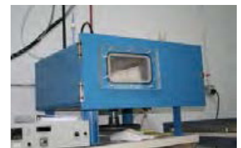
Pour Mold Potting
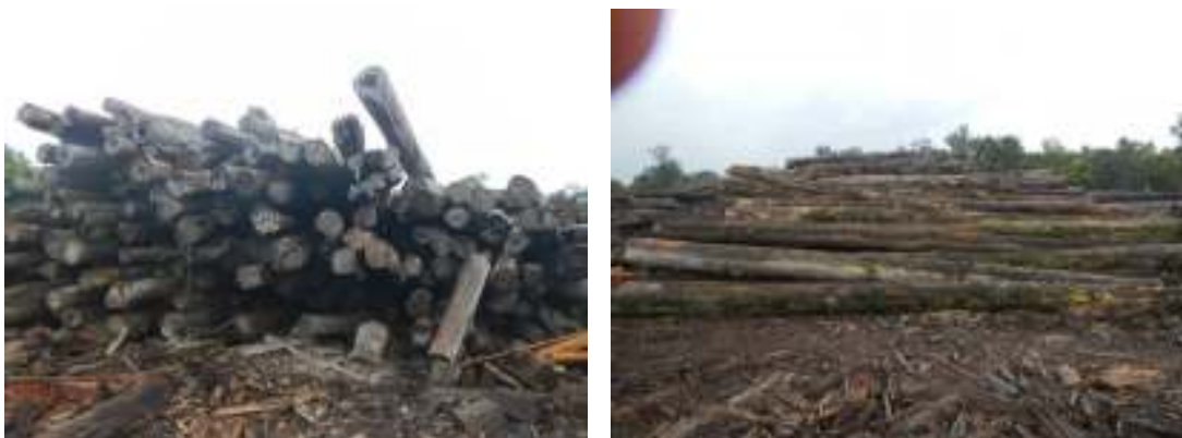
Picture D.1. Stacks of small logs in Log Yard Block 3 coordinate point 0°43'5.24" S 109°56'33.6" E

Stacks of logs totaling 1,288.94 m 3 were found in Log Yard Block 3 which was consistent with the logs reported by RPHK
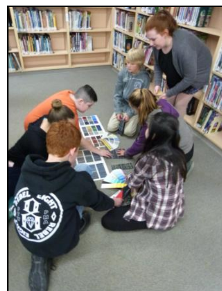
Student Design Committee Members Discussing Interior Colours

We continue to meet with the student design committee monthly on flex days and their input has been invaluable. Thanks so much committee members!
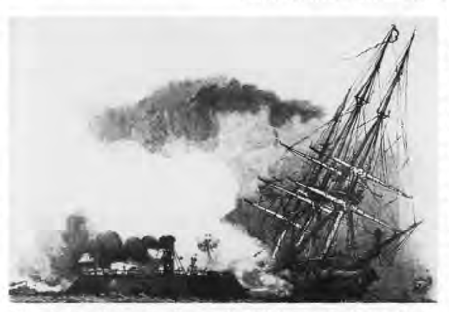
CSS Virginia (ex-USS Merrimack) rams the sailing ship USS Cumberland on March 8, 1862. This action marked the end of the wooden warship as a fighting instrument.

The USS Cumberland, on the other hand, was a full shipped-rigged sailing sloop, built at the Boston Navy Yard and launched in 1842. For the next 20 years, Cumberland served in the Mediterranean, the Gulf of Mexico, and along the African Coast. In 1861, Cumberland was in Gosport Navy Shipyard, and unlike the USS Merrimack which was burned and scuttled, she was evacuated to Fort Monroe. As Fort Monroe served as the staging area for blockading southern ports, Cumberland was deployed to Hatteras Inlet on the North Carolina coast prior to participating in the James River blockade.
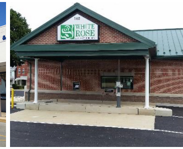
WHITE ROSE CREDIT UNIONS York, PA Freestanding Retail All Central PA Locations
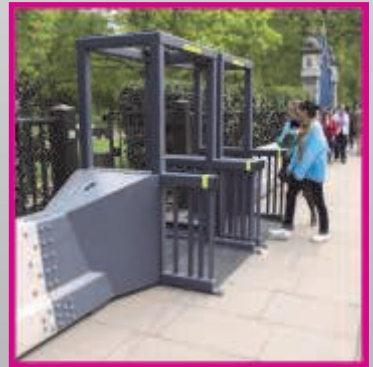
Pedestrian Access & Control
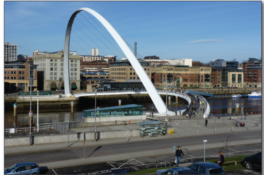
Gateshead Millennium Bridge.
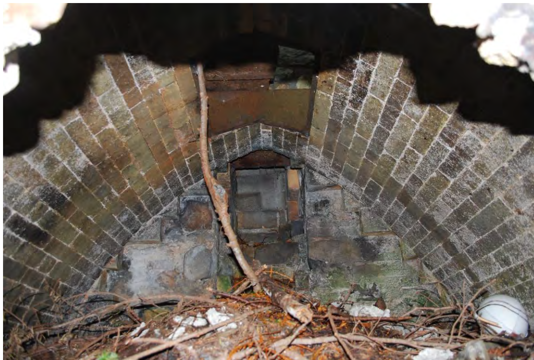
Photo 4 of 4: Cornet Bay Incinerator, view of fire box interior to north taken 12/22/2014.

*WHAT YOU NEED TO DO*: Please copy each line of the material that has the string "with" somewhere in it.

*RESPONSE TO THE TASK*:
Stacks of logs totaling 1,288.94 m 3 were found in Log Yard Block 3 which was consistent with the logs reported by RPHK
We continue to meet with the student design committee monthly on flex days and their input has been invaluable. Thanks so much committee members!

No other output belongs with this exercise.